The main reasons for using ESE is that it:
- Is installed with Windows, so it gets updates and bugfixes along with the rest of the OS. Chances are that you are already using it every day since it is used by key Microsoft technologies such as:
- Microsoft Exchange
- Active Directory
- Windows Search
- It is very reliable.
- It is fairly fast – inserting more than 100 000 records per second is not unusual.
In this article, I will demonstrate how to:
- Initialize the database engine and create a session
- Create a database
- Open an existing database
- Create a table
- Open an existing table
- Add columns to table
- Create a primary index for a table
- Insert rows into a table
- Find a row in a table
- Update a row in a table
- Use transactions
- Select a range of rows from a table based on search criteria
- Iterate over a table, or a range of rows, forwards and backwards
The test code, in EseTests.cpp, which is included with the source code, provide examples demonstrating how to store and retrieve all datatypes supported by ESE.
There is also an example, provided with the download, that demonstrates the performance of ESE:
- Inserts 44 640 000 rows in just over 5 minutes: 140 160 rows per second.
- Updates 44 640 000 rows in just over 5 minutes: 138 427 rows per second.
- Searches for, and retrieves, rows at a rate of more than 900 000 rows per second.
While the above are excellent numbers, I have not found a way to make ESE excel at deleting rows from a table.
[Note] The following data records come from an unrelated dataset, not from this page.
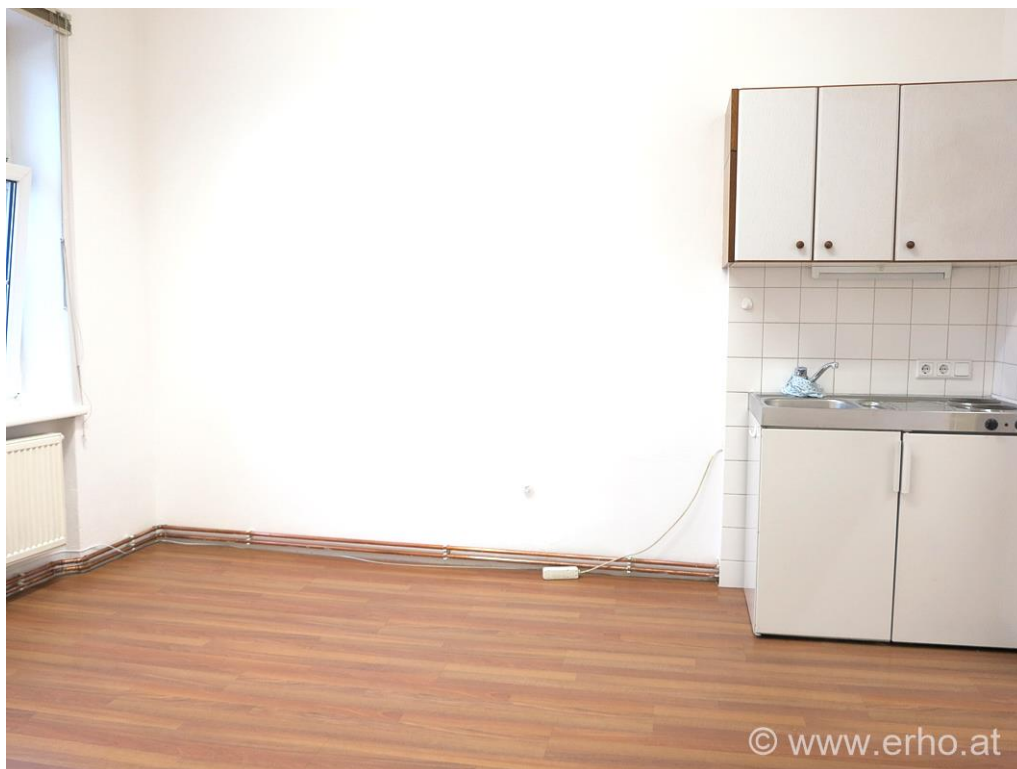
Bürraum 03 (mit Kaffeeküche)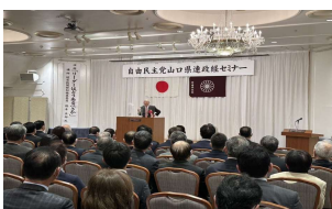
10月30日 自民政経セミナー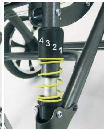
Suspensión ajustable en 4 puntos Bingo / Bingo OT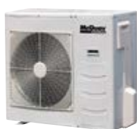
M5LC 020/025/028 CR-A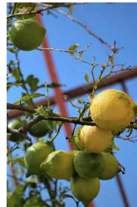
Avtohtono rastoč citrus je bogato obrodil.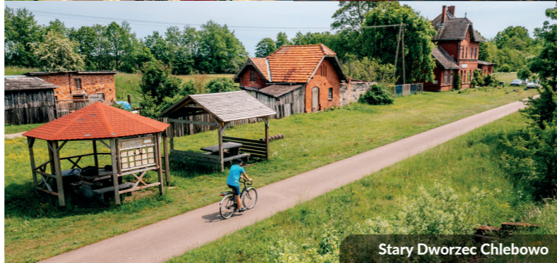
Stary Dworzec Chlebowo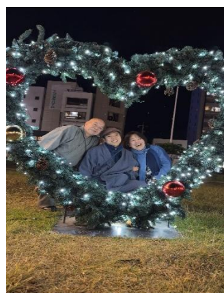
住職兄弟会 11/24 沼津駅北口にこんな撮影スポットがありました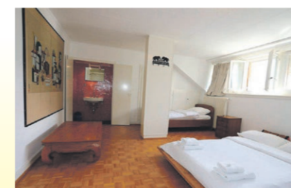
Nos chambres d'hôtes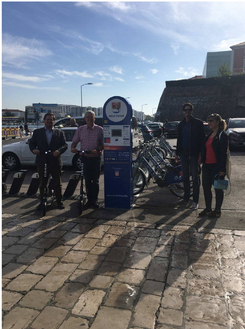
Slika 3: Sustav električnih romobila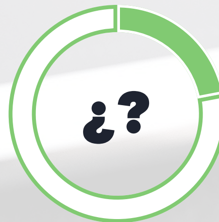
Aún no sabe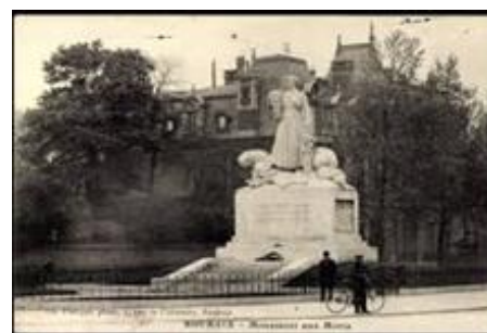
Le monument aux morts de Roubaix.

" Parce que l'histoire, ce sont des hommes et non des dates" comme l'affirme Antoine Prost (Journées de l'Histoire, Blois 2013), des destins roubaisiens, des lieux emblématiques et incarnés pourront permettre d'appréhender la Grande Guerre par le prisme de l'occupation singulière d'une ville « tombée en territoire ennemi ». Une famille d'industriels dans la guerre, les Motte, sera une porte d'entrée pour ce parcours historique au cœur d'un Roubaix profondément meurtri, tant physiquement qu'économiquement et socialement durant près de cinq longues années.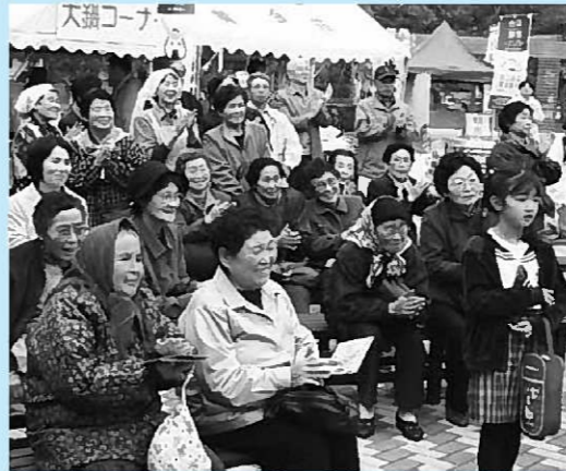
▲会場には延べ5200人が来場。イベントや出展作品の観覧などを楽しんだ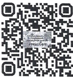
QR Code ลงทะเบียน

จึงเรียนมาเพื่อโปรดทราบและประชาสัมพันธ์ให้ผู้สนใจเข้าร่วมอบรมด้วย จะเป็นพระคุณ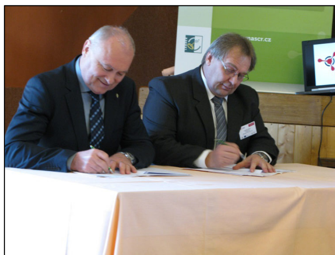
Podpis memoranda o spolupráci s rektorem JČU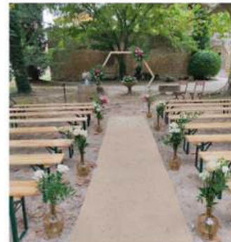
BANCS EN BOIS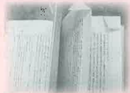
ページの角を折られた本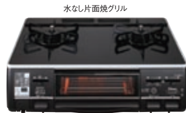
水なし片面焼グリル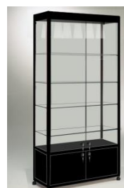
ART. 100/MA5 cm. 100x52xH220 mobile di base – ground furniture ; top con illuminazione - top with lighting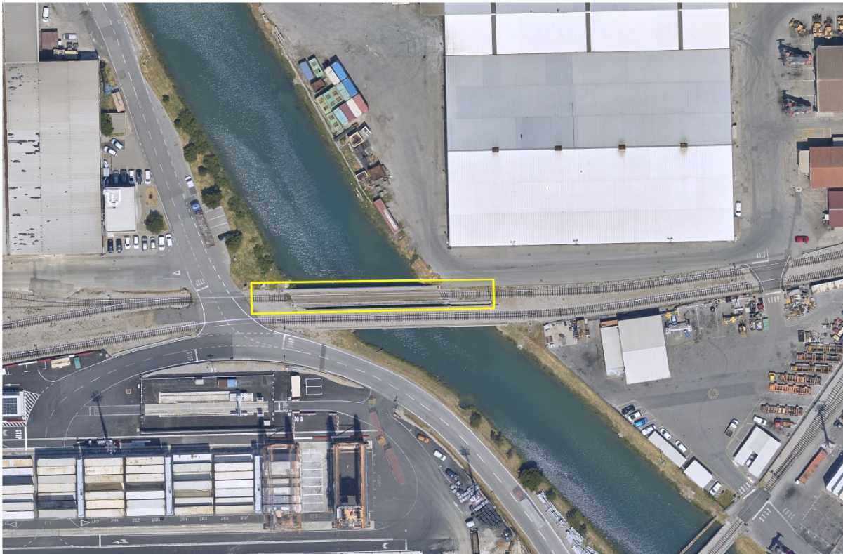
Slika 1: Območje posega: Obnova tira 25c na km 0+319,43 (mostu št.1)

To see how this works out on our own system, build and execute:
ExampleCoreESE01.exe -c -r -t F:\<Path to database directory>\Database.edb
where
- -c tells the program to create a new database
- -r tells the program to replace any existing database at that location
- -t tells the program to execute the performance tests
This requires about 10GB of free space on your harddrive.
The library allows you to use both Unicode, UTF16, and char based strings by providing overloads that use the Unicode version and the ANSI version of the ESE C API, and selects one or the other based on the string/character type of the arguments were this is applicable.
Several years ago, Artour Bakiev wrote an excellent article: Extensible Storage Engine, that demonstrates how to work with the ESE C API – it also demonstrates the amount of effort required just to get started with ESE using the API that is provided with the Windows SDK.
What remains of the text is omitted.